My own boys and I walked along the river on Sunday. We wore flannel shirts. They searched for sticks, unwittingly waiting for their imagination to make those former branches entirely something else. They found deep snow to sink in while I told them not to get their feet wet. They played too close to the river for their mama comfort. They climbed those granite slabs, falling backwards sometimes, laughing while they rubbed the dirt and snow off of their hands.
Like brothers, they poked and taunted, and on occasion, my younger one was close to tears. He’s adaptable and strong though. He walks ahead of us toward himself, and he stops looking back. I admire him for that. It is important to know when to keep on walking.
This little valley of ours. It still stands as a geographical and historical oasis. In a life with so much change, there is consistency here. This place belongs to a different time scale. When the chaos comes, it brings things to a meaningful whole. Here, continuity, expectedly, unfolds horizontally and geographically.
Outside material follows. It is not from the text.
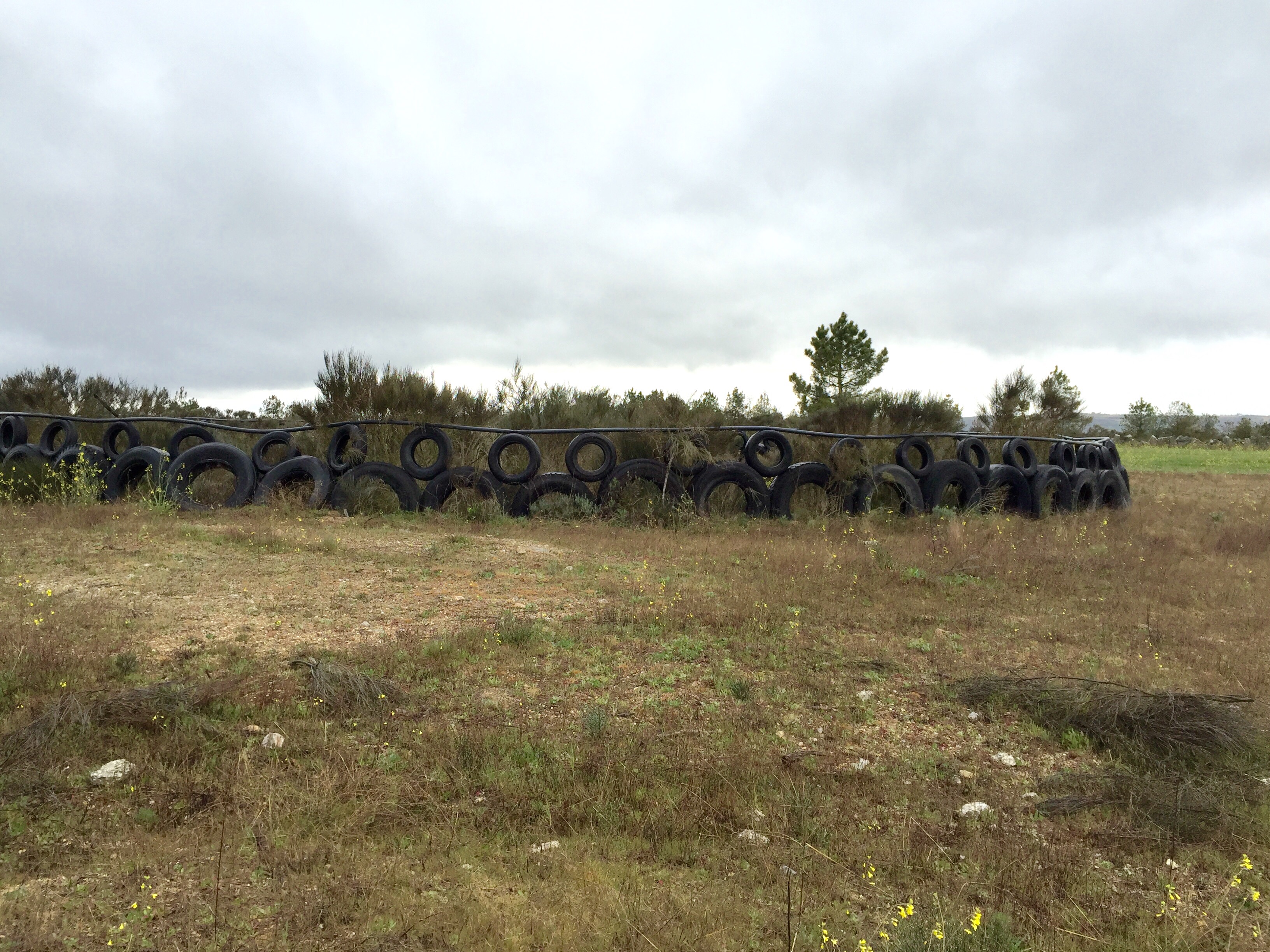 Nous avons vu deux fois la même chose à une centaine de mètres d’intervalle, un cercle fait avec des pneus au milieu du champ. ???

Thank god, we have the gift of unbroken spaces of wilderness as reminders.
Winter is here, my friends:
“Um, do we want it to be cold? We want the snow, desire the isolation, desolation, insulation, silence. It’s why we’re up here; it’s why everyone’s up here. Not a particularly flattering thing to admit, but we’re all on the run from something, and it makes us feel safe this isolation.” ~ Rick Bass
Slowly and deliberately, we follow the seasons. Like most things in life, winter is its own fit, and it is not for everybody. Winter covers some things and reveals others.